When the TTL Program welcomes its first cohort of students in 2022–23, it will join the four other programs that launched this year as part of HGSE’s redesigned master’s degree, which also includes coursework dedicated to broad foundational knowledge and specific domain- and role-based expertise.

A focus on teachers

TTL will represent a significant advancement in Harvard’s focus on teachers, exploring the most effective ways to prepare both teachers and teacher leaders and to create schools that can respond to the challenges the world faces today. Dual teacher certification pathways will build on the work of the Harvard Teacher Fellows (HTF) Program, founded in 2015 as an innovative model to prepare Harvard College students to become teachers, as well as the successful legacy of HGSE’s Teacher Education master’s program (TEP). And TTL’s leadership strand will prepare experienced teachers for new roles in schools. With those two elements together, HGSE is poised to expand and elevate teacher education at the university and in the field.

“This really is the capstone of our reimagining of the master’s degree for professionals seeking to have meaningful impact in improving education for communities around the world,” says HGSE Dean Bridget Long. “The creation of the TTL program is part of a tremendous effort to advance our training and engagement of aspiring educators while building on the lessons and success of our earlier programs. HGSE has long been committed to preparing innovative, equity-minded educators — and to charting pathways across the university for the study and practice of education, which is one of the central issues of our time.”

By consolidating multiple and previously separate teacher education pathways under one umbrella, TTL will provide holistic preparation for new and experienced educators, drawing on research-backed practices that are effective and inclusive.
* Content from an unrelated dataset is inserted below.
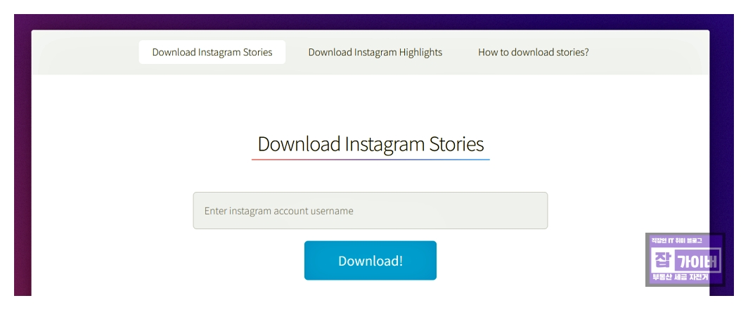 두 번째는 Storiesdown입니다. Picuki와 비슷한 기능을 제공하지만 로딩 속도가 다소 느릴 수 있습니다. 그러나 간단한 사용법과 사진, 스토리, 동영상 다운로드 기능을 제공합니다.

“TTL will expand and drive forward HGSE’s historic mission to change lives through education — to prepare our master’s students to design and lead transformative learning experiences. We’ve designed TTL to welcome the diverse range of students — with various levels of experience — who seek to contribute to society as educators. I’m especially excited about the benefits of mixing our pre-service teacher candidates with teacher leaders who come to HGSE with more experience and insight,” says Heather Hill, the Hazen-Nicoli Professor of Teacher Learning and Leadership and faculty co-chair of the new program.